Myk is 5 feet and 2 inches tall, and their shadow is 84 inches tall. The flagpole next to them has a shadow that is 31 feet long. Myk uses similar triangles to find the height of the flagpole. Can you calculate the height of the flagpole to the nearest foot?(1 point)

Responses

374 feet
374 feet

23 feet
23 feet

23 inches
23 inches

17 feet
17 feet

1 answer

To find the height of the flagpole using similar triangles, we can set up a proportion using Myk’s height and shadow compared to the flagpole’s height and shadow.

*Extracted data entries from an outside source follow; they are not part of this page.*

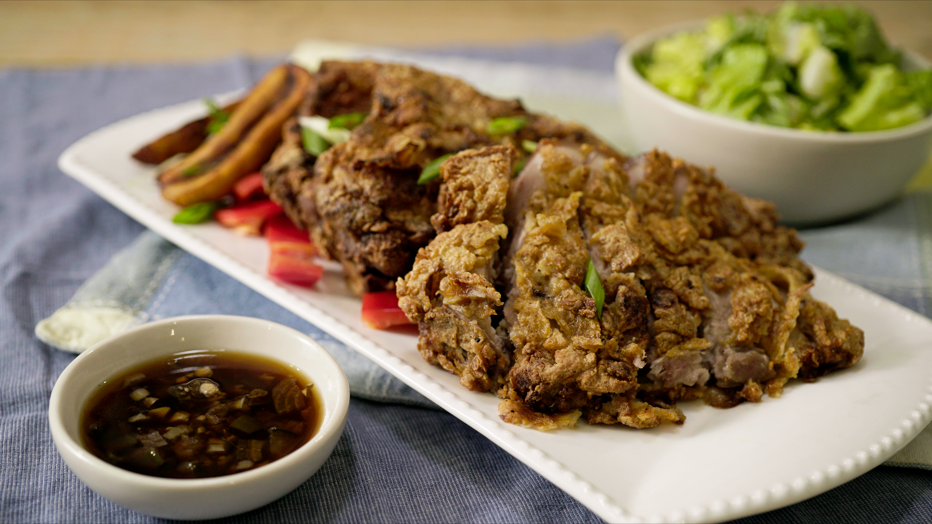Enjoy the rich flavors of fried pork chops marinated in ginamos, offering a perfect blend of savory and salty. Crispy on the outside and tender on the inside, these chops are a delicious twist on a classic favorite.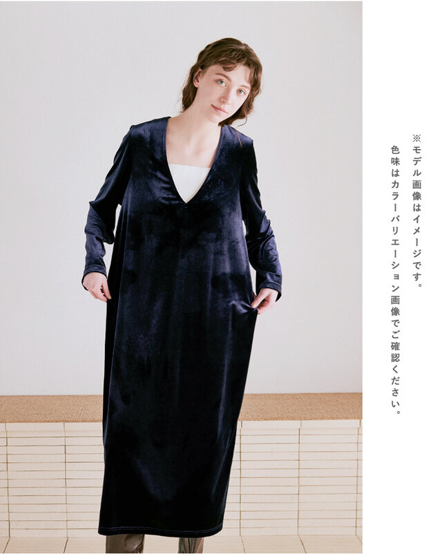 女性らしいラインを意識したベロア素材のVネックワンピース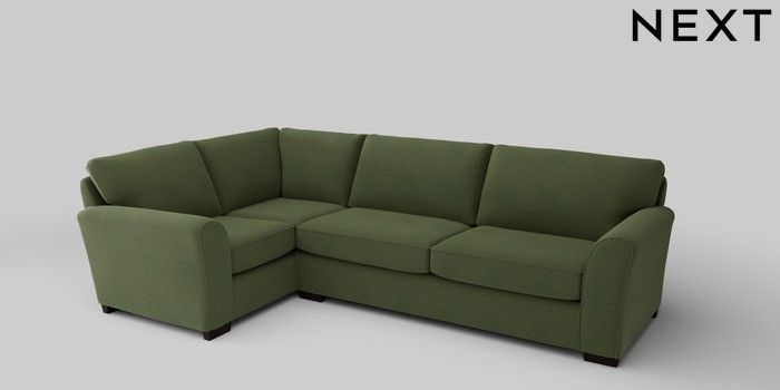 6.12.1 Buy Michigan II Large Corner Sofa - Left Hand Ripple Chenille Mid Moss Green Slim Block - Dark from the Next UK online shop Click here to use our accessible website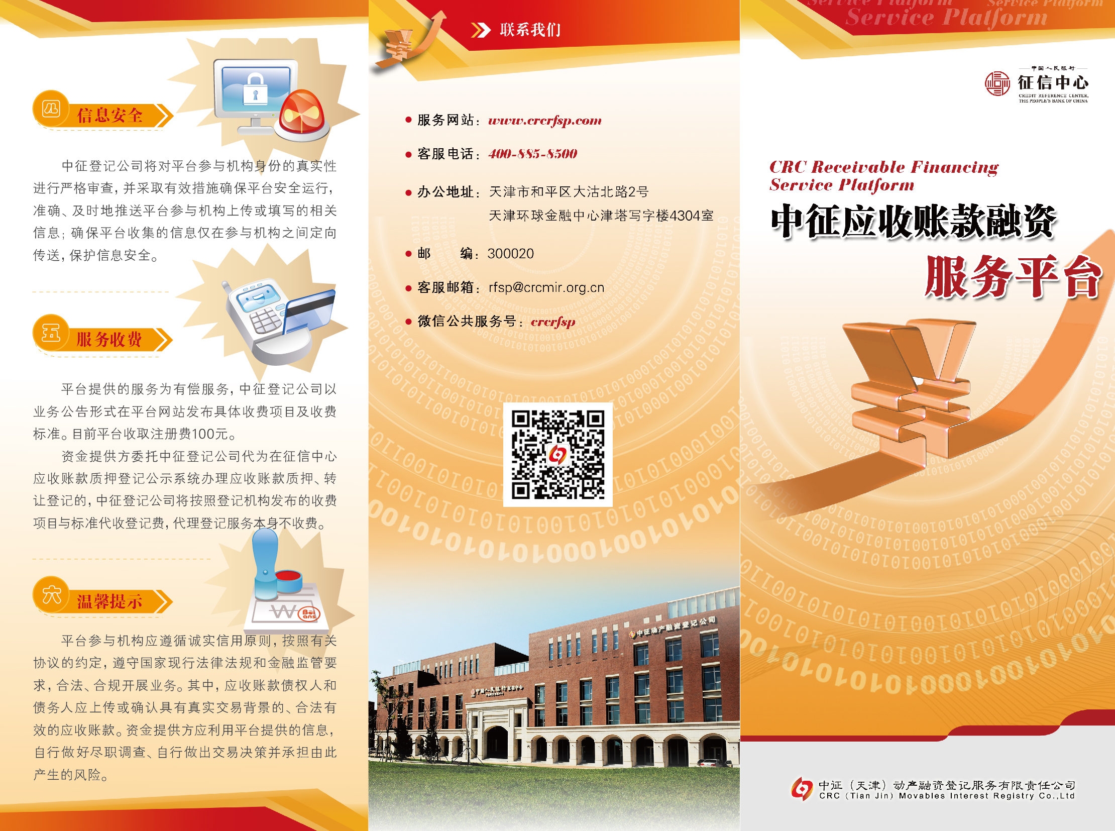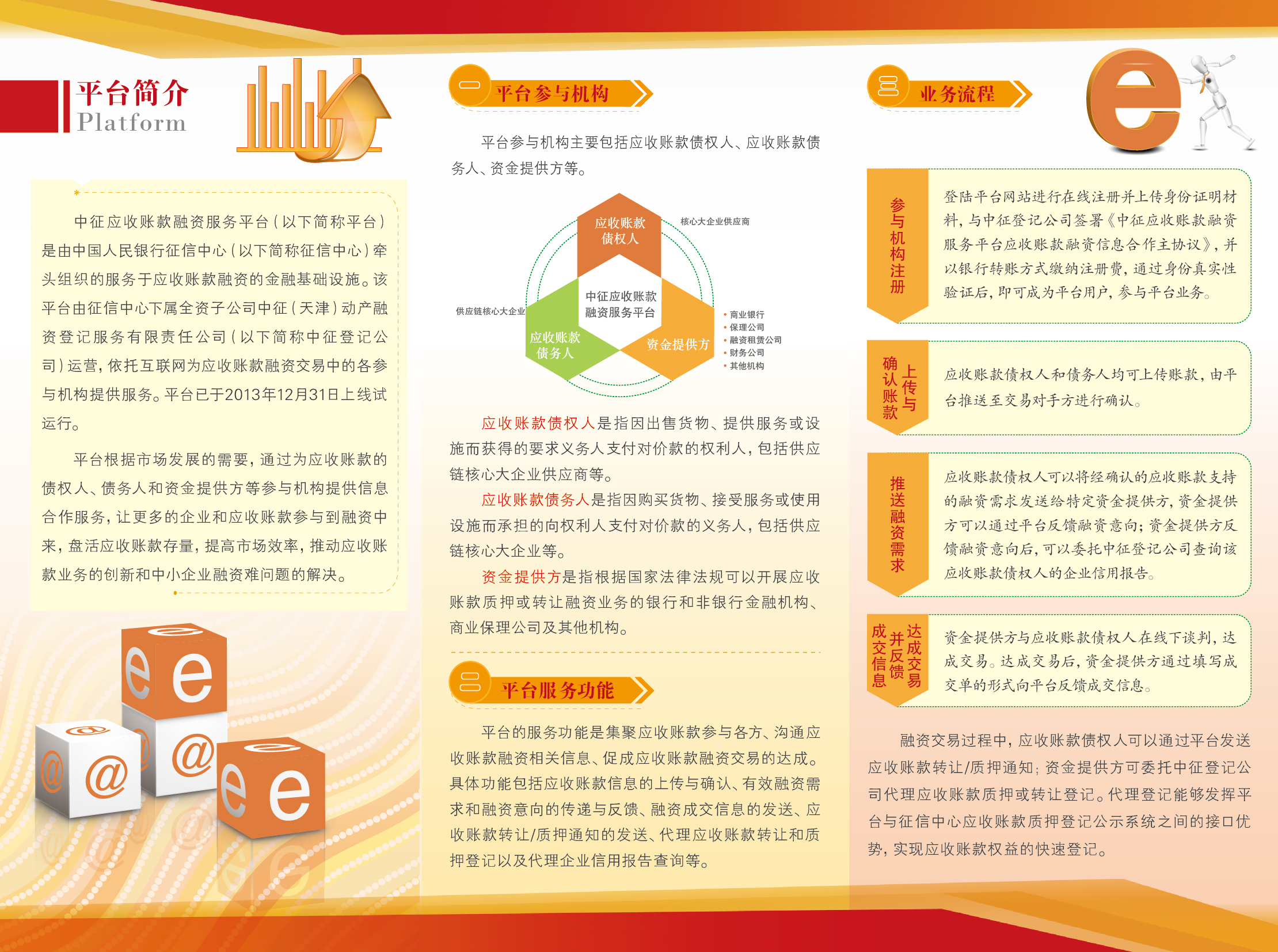 中征应收账款融资服务平台(以下简称平台)是由中国人民银行征信中心(以下简称征信中心)牵头组织的服务于应收账款融资的金融基础设施。该平台由征信中心下属全资子公司中征(天津)动产融资登记服务有限责任公司(以下简称中征登记公司)运营,依托互联网为应收账款融资交易中的各参与机构提供服务。平台已于2013年12月31日上线试运行。

  1. First, convert Myk's height from feet and inches to inches:

    • Myk's height = 5 feet 2 inches = (5 × 12) + 2 = 60 + 2 = 62 inches.
  2. Let \( h \) be the height of the flagpole in inches.

  3. The shadows are:

    • Myk's shadow = 84 inches
    • Flagpole's shadow = 31 feet = 31 × 12 = 372 inches.
  4. Set up the proportion using similar triangles: \[ \frac{\text{Myk's height}}{\text{Myk's shadow}} = \frac{\text{Flagpole's height}}{\text{Flagpole's shadow}} \] \[ \frac{62}{84} = \frac{h}{372} \]

  5. Cross-multiply to solve for \( h \): \[ 62 \times 372 = 84 \times h \] \[ 23064 = 84h \] \[ h = \frac{23064}{84} \] \[ h = 274 \]

  6. Convert \( h \) back to feet: \[ \text{Height in feet} = \frac{274}{12} \approx 22.83 \text{ feet} \approx 23 \text{ feet (to the nearest foot)} \]

Thus, the height of the flagpole is approximately 23 feet.